A broad range of models can be used to predict the phenotypic performance of wheat, but the performance of each model is interrelated with the genetic architecture of the examined trait and relatedness of TP and VP. The majority of GS studies for wheat quality traits used GBLUP (Genomic Best Linear Unbiased Predictor) and RRBLUP (Ridge-Regression Best Linear Unbiased Predictor) models, the performance of which was usually compared to one of the Bayesian models. Bayesian models usually require longer computation time compared to GBLUP or RRBLUP [2][31][32] but show no clear superiority over the other models across wheat quality traits [29][33], i.e., the accuracy of GS for wheat quality traits was generally not under the large influence of prediction model applied. Therefore, RRBLUP showed to be a model of choice in the majority of GS studies for wheat quality traits [27][31] due to its robustness and shorter computational time [34].

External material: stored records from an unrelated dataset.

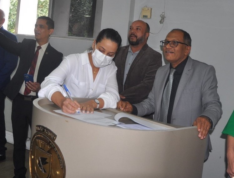 Participaram da solenidade os vereadores Marinaldo Cardoso, Dr. Valdé, Fabiana Gomes e Moisés Morais, além do diretor de Recursos Humanos da Câmara, José Neto, e o procurador jurídico da Câmara, Luiz Philippe Pinto.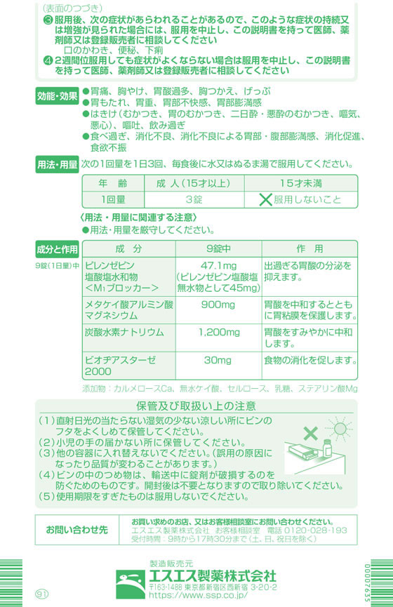 ピレンゼンピン塩酸塩が過剰な胃酸分泌を抑え、つらい胃の痛みによく効きます。【セルフメディケーション税控除対象】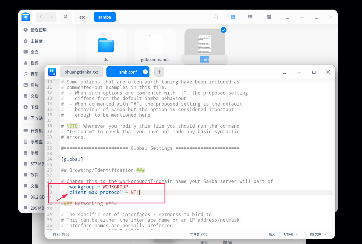 我这两台打印机,更新系统后另一台通过WINDOWS电脑共享的打印机也不能用了,后来在smb.conf添加lclient max protocol=NT1后再通过IP查找安装后可以使用了。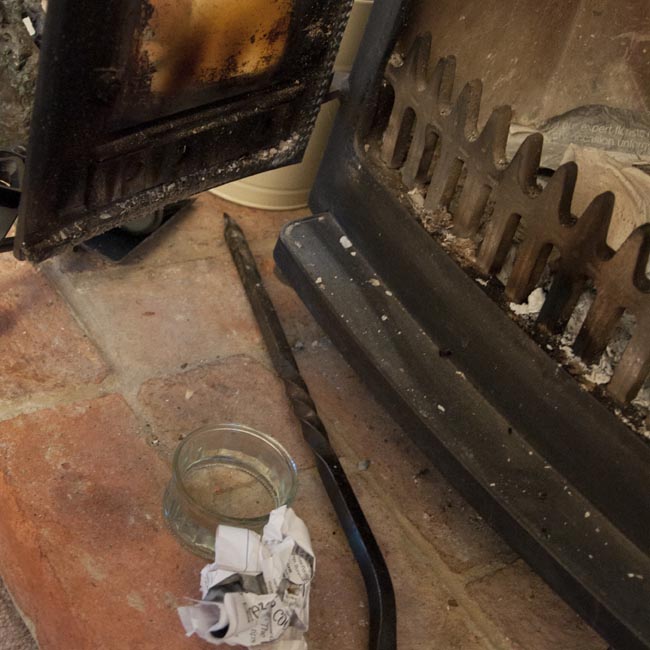 Scrunch up about half a sheet of newspaper. Dip it in the water and squeeze out the excess. Then dip it into the ash. Now use this, gently, to rub the glass. You should notice it working straight away, which is very gratifying. The water and ash forms a really fine abrasive slurry, which lifts the soot from the glass with very little effort. When the paper starts to get really black and stops working again, get a new piece, and repeat the process as often as required. Getting both doors of my fire cleaned took about half an hour. They’re *sparkling*.
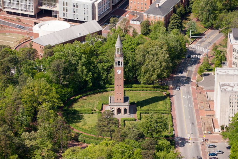 CHAPEL HILL, NC - APRIL 21: An aerial view of the University of North Carolina campus including the Morehead-Patterson Bell Tower (center) on April 21, 2013 in Chapel Hill, North Carolina. (Photo by Lance King/Getty Images)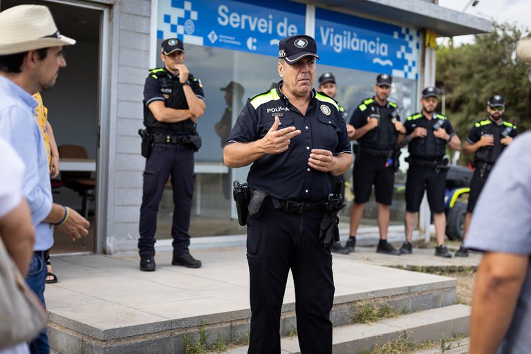La Policia Local reforça la seva presència a la platja durant els mesos d'estiu amb 6 agents per tal de prevenir els furts i garantir el control i sanció de les conductes incíviques que provoquen molèsties a la resta d'usuaris de la platja. Les seves funcions dels agents es realitzen amb quads per sorra, bicicletes i a peu en la zona de vianants. El mòdul d'atenció ciutadana es troba ubicat al pàrquing del Carrer 9.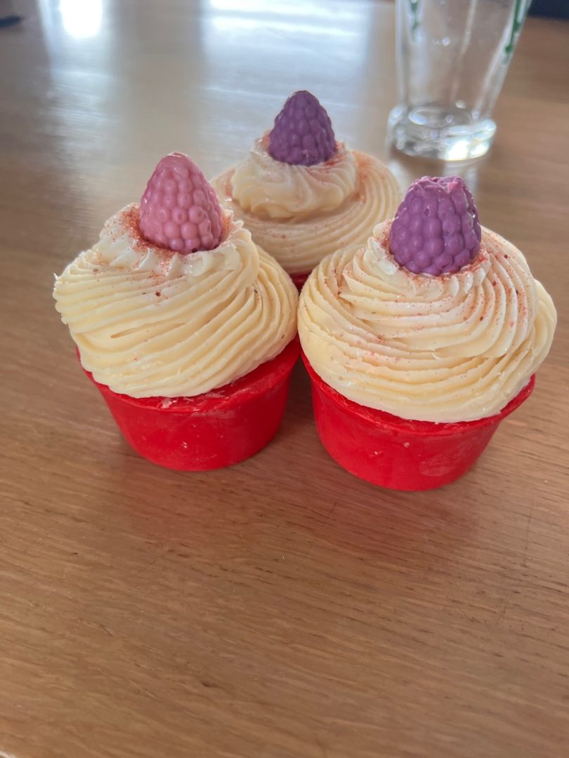 - SAVON EN FORME DE GATEAU CUPCAKE AVEC UN SAVON EN FORME DE FRAMBOISE.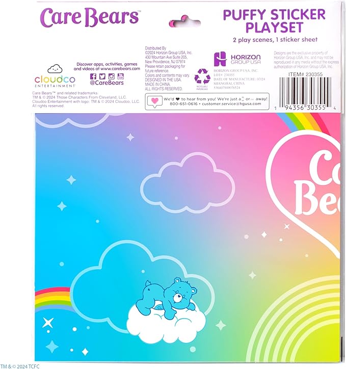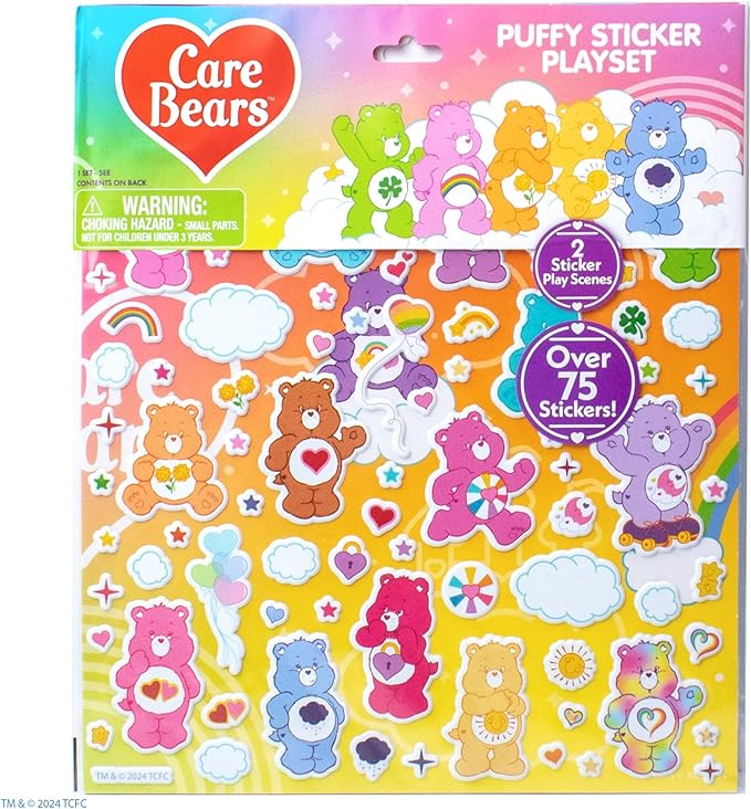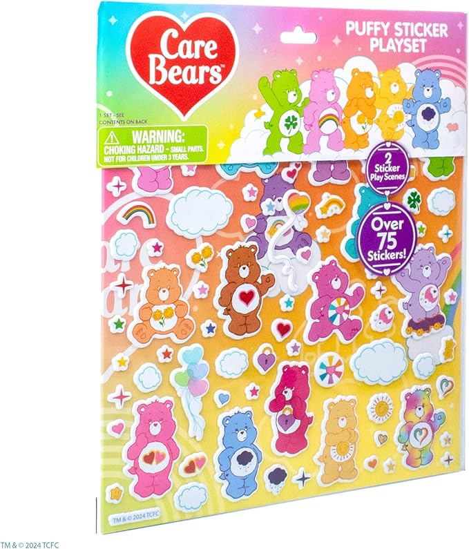 Care Bears Puffy Sticker Playset - Over 75 Reusable Stickers & 2 Play Scenes, Fun Activities, Travel Toys for Kids Ages 4-8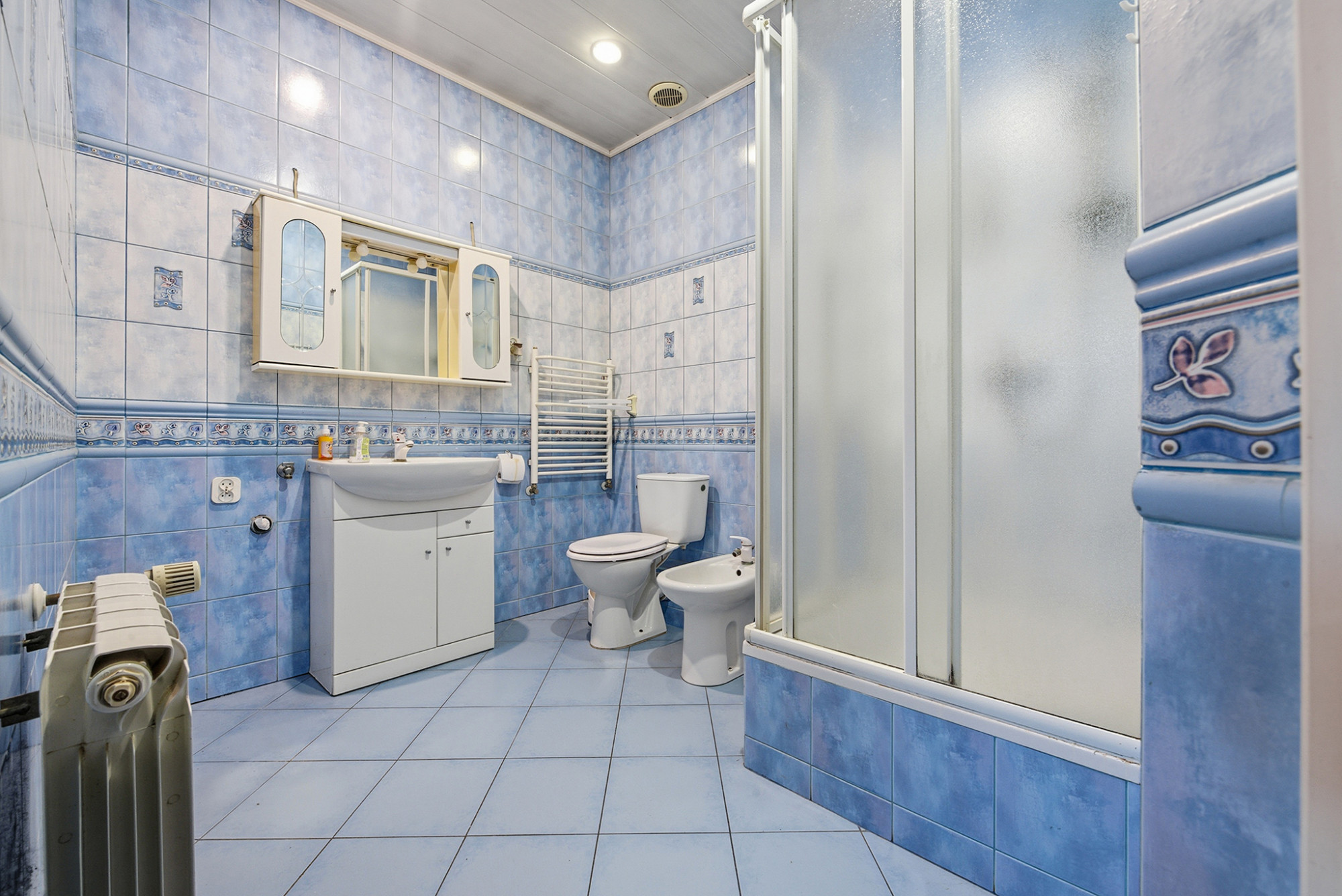 The interiors, refreshed in 2018 with new paint and a modern kitchen with an island, combine functionality with elegance. The eight-room layout includes three bathrooms, three toilets, a spacious living room with a fireplace, and private bedroom areas. Each room exudes calm and light, while enclosed balconies and the master bedroom terrace enhance privacy and harmony.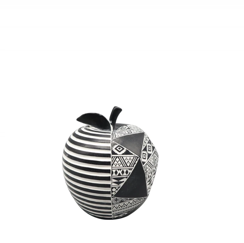 Διακοσμητικό επιτραπέζιο μήλο polyresin σε μαύρο - λευκό χρώμα από την ESPIEL - Διαστάσεις: 10x11,5εκ.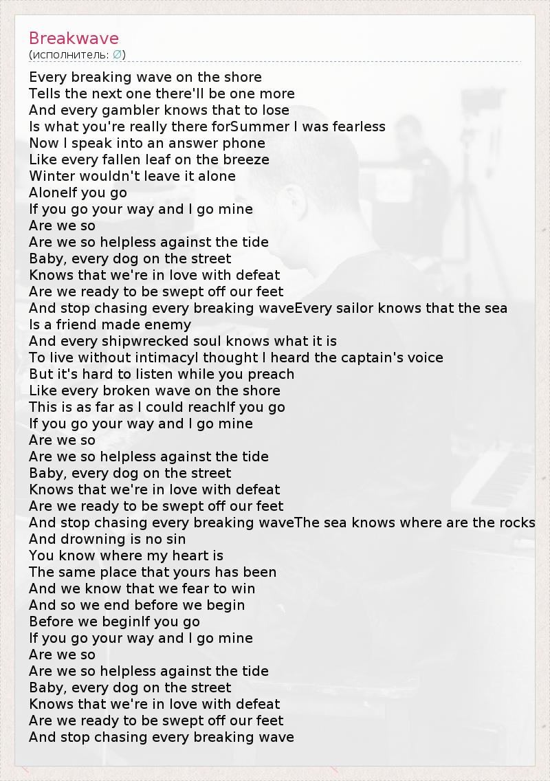 Every breaking wave on the shore Tells the next one there'll be one more And every gambler knows that to lose Is what you're really there forSummer I was fearless Now I speak into an answer phone Like every fallen leaf on the breeze Winter wouldn't leave it alone AloneIf you go If you go your way and I go mine Are we so Are we so helpless against the tide Baby, every dog on the street Knows that we're in love with defeat Are we ready to be swept off our feet And stop chasing every breaking waveEvery sailor knows that the sea Is a friend made enemy And every shipwrecked soul knows what it is To live without intimacyI thought I heard the captain's voice But it's hard to listen while you preach Like every broken wave on the shore This is as far as I could reachIf you go If you go your way and I go mine Are we so Are we so helpless against the tide Baby, every dog on the street Knows that we're in love with defeat Are we ready to be swept off our feet And stop chasing every breaking waveThe sea knows where are the rocks And drowning is no sin You know where my heart is The same place that yours has been And we know that we fear to win And so we end before we begin Before we beginIf you go If you go your way and I go mine Are we so Are we so helpless against the tide Baby, every dog on the street Knows that we're in love with defeat Are we ready to be swept off our feet And stop chasing every breaking wave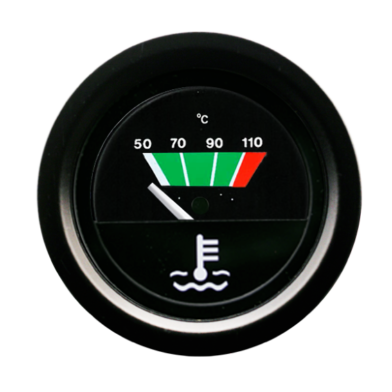 52mm waterproof water temperature indicator 50-110°C with black shrouded dial, white and green print. 24volt. Earth Return.

Wheat quality traits can often be hard to improve, since they usually require a large amount of flour and/or labor to be invested, thus limiting the size of the TP that can be phenotyped which leads to insufficient GS accuracy. Incorporating additional phenotypic information in the multitrait approach for GS could help to overcome the problem of potentially low GS accuracy obtained for wheat quality traits. Multitrait GS data obtained utilizing rapid quality tests are used for predicting parameters of more laborious wheat quality tests. Rapid tests such as near-infrared (NIR) and nuclear magnetic resonance (NMR) methods are less labor-intensive and require a small amount of flour. It has been proved that incorporating NIR and NMR data into the multitrait approach increases the accuracy of GS for some wheat quality traits (accuracy ranged between 0 and 0.47, and between 0 and 0.69 in a single-trait approach and multitrait approach, respectively) [30]. Incorporating easily obtained gluten peak indices into multitrait GS analysis improved average prediction accuracy by roughly 20% in comparison to single-trait GS for dough rheology traits [35]. Lado et al. [36] showed that no multitrait model used performed better than a single-trait model, but that using highly correlated traits in multitrait GS for wheat quality allows reduction of TP up to 30% without significantly affecting the predictive ability of the model. Further research studies showed that using different GS indices in simultaneous selection for yield and wheat quality traits still does not outperform single-trait prediction, but suggested that simultaneous improvement of yield and wheat quality should target protein quality [37]. A significant gain of multitrait approach is expected only for low heritable traits that are incorporated with high heritable traits, between which high genetic correlation exists [38]. Data for traits incorporating together in a multitrait analysis must be already available or easy to obtain on a large number of samples in a short period of time [39].